## Work to be completed
Find the line with "The stand for" in the entries below, then output every line from it down to the line with "в центре на", exactly and with no pictures.

## Extracted information

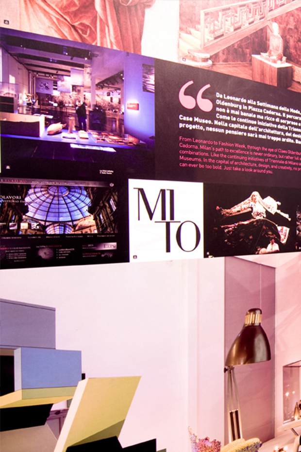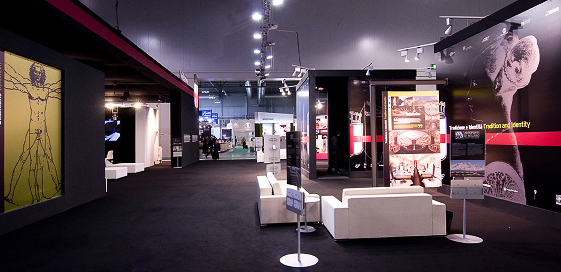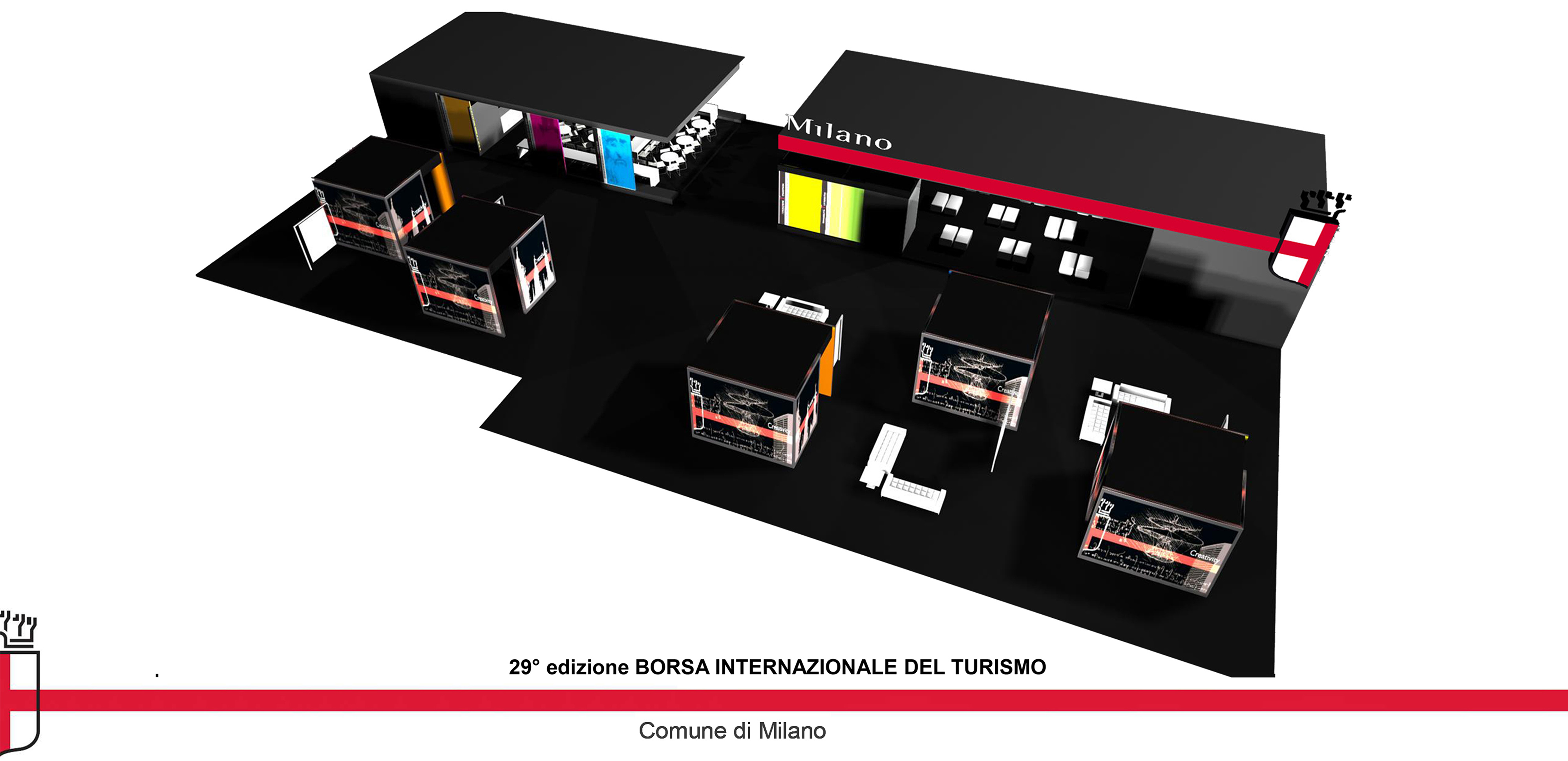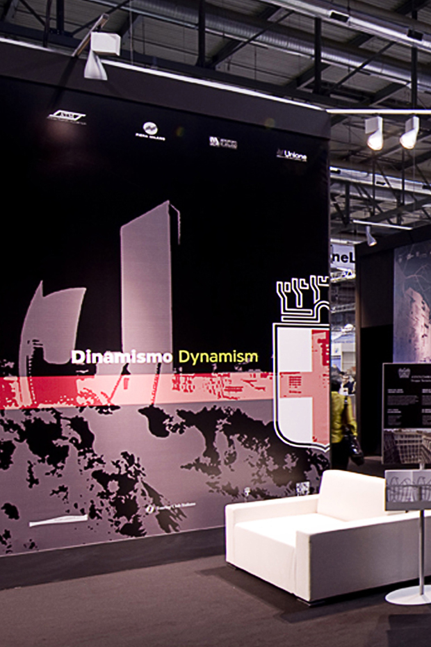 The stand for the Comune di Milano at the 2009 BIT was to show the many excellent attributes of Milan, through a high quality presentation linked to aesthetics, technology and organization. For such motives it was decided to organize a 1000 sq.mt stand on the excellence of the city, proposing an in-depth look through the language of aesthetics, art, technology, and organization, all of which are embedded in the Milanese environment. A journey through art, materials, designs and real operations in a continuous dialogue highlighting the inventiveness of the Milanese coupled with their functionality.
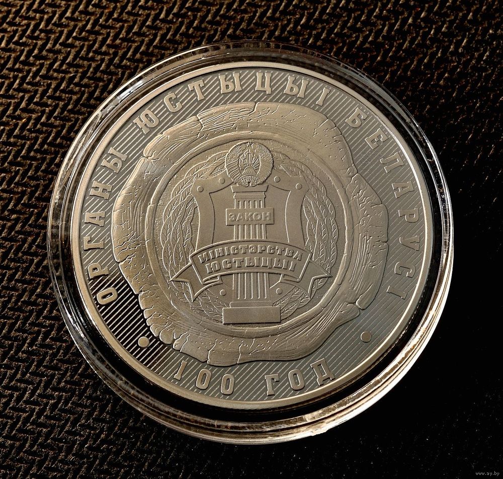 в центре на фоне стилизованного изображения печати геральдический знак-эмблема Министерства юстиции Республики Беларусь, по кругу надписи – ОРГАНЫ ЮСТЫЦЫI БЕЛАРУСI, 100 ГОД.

--

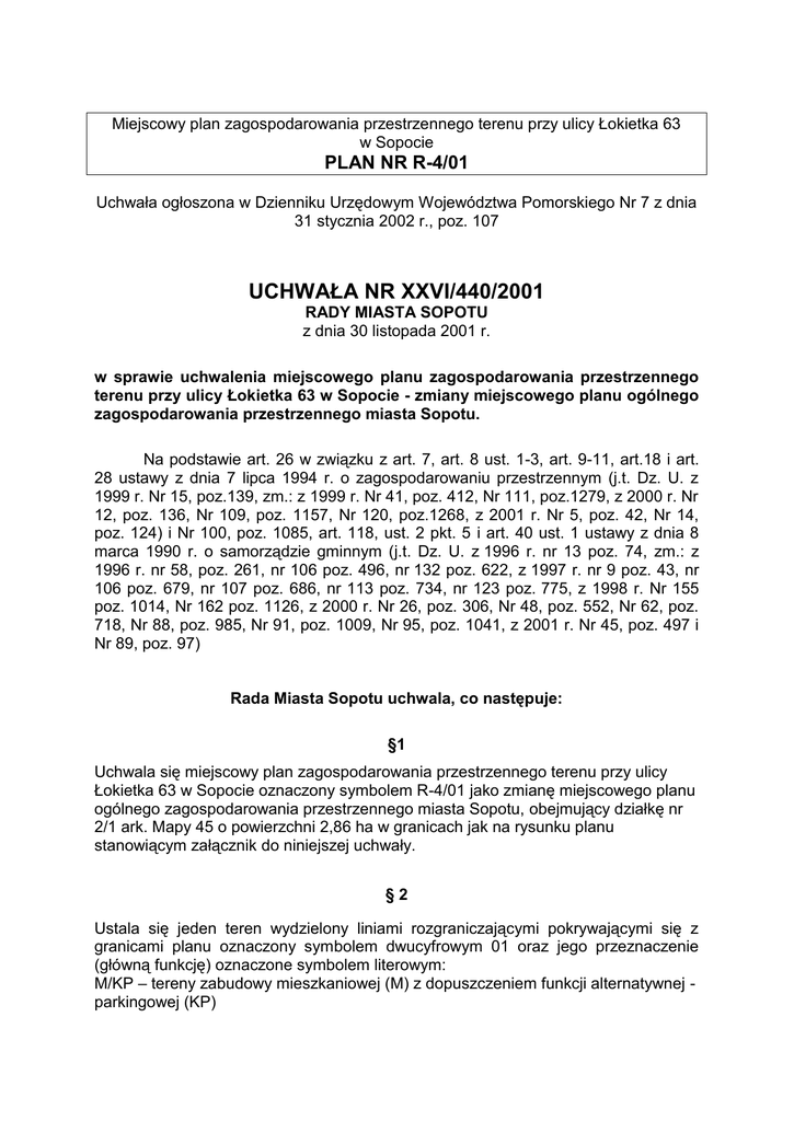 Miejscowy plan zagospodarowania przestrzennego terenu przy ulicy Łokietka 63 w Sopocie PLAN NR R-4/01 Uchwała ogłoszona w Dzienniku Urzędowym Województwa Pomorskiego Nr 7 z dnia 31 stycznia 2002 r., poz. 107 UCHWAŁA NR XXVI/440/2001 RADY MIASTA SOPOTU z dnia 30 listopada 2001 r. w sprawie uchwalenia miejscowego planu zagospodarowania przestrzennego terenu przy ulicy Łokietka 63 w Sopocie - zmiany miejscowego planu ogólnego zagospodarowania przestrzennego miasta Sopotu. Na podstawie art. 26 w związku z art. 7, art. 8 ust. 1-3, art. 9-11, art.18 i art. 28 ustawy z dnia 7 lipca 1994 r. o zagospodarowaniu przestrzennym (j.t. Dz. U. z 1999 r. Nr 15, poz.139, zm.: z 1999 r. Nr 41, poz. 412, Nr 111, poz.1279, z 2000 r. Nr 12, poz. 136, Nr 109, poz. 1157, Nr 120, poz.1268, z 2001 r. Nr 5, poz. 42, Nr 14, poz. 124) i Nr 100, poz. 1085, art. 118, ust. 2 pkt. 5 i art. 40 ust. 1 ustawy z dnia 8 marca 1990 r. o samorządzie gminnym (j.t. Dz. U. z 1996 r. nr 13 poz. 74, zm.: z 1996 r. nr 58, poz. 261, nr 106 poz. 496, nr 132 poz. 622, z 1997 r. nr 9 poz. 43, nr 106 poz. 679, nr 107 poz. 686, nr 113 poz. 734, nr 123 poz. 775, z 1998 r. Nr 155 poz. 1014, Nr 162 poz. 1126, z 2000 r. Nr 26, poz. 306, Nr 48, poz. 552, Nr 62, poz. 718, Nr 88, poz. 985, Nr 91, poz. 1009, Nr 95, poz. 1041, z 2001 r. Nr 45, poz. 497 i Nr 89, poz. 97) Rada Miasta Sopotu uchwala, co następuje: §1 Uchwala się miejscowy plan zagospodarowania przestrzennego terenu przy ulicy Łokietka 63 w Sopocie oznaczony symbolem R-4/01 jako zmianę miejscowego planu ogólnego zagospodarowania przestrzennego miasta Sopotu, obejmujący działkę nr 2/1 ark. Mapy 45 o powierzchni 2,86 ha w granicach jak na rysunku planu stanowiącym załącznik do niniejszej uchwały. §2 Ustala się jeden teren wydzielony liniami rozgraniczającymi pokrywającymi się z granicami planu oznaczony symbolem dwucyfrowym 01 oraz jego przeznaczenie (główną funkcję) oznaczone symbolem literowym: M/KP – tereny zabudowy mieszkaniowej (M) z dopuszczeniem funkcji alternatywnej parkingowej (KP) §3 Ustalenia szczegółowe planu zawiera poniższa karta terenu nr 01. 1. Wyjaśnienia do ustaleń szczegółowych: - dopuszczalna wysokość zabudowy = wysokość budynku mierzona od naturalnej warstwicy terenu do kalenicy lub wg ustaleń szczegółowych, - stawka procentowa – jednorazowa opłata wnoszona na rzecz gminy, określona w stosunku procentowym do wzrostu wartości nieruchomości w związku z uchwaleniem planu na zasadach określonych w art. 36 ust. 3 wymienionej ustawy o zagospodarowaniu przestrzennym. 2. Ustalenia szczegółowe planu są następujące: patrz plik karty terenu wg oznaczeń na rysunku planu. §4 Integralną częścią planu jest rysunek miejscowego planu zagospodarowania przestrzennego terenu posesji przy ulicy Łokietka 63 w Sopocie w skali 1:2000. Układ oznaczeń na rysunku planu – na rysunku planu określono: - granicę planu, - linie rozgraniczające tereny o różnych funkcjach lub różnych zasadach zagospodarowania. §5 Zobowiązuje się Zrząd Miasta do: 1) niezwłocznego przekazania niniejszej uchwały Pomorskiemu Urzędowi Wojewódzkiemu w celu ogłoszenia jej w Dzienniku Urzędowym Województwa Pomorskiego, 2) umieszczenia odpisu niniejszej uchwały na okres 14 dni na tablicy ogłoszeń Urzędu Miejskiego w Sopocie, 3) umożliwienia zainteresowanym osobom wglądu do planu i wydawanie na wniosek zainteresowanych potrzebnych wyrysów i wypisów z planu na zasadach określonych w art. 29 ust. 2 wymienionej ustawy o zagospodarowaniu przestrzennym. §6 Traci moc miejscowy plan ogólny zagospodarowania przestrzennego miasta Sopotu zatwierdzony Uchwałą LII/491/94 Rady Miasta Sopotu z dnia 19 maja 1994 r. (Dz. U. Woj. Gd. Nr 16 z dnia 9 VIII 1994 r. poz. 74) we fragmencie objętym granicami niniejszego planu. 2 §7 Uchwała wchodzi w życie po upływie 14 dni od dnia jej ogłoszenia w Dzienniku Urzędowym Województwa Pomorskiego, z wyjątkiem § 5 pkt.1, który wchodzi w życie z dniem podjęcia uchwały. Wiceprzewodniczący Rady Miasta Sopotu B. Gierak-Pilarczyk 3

## Solution to this exercise
 The stand for the Comune di Milano at the 2009 BIT was to show the many excellent attributes of Milan, through a high quality presentation linked to aesthetics, technology and organization. For such motives it was decided to organize a 1000 sq.mt stand on the excellence of the city, proposing an in-depth look through the language of aesthetics, art, technology, and organization, all of which are embedded in the Milanese environment. A journey through art, materials, designs and real operations in a continuous dialogue highlighting the inventiveness of the Milanese coupled with their functionality.
 в центре на фоне стилизованного изображения печати геральдический знак-эмблема Министерства юстиции Республики Беларусь, по кругу надписи – ОРГАНЫ ЮСТЫЦЫI БЕЛАРУСI, 100 ГОД.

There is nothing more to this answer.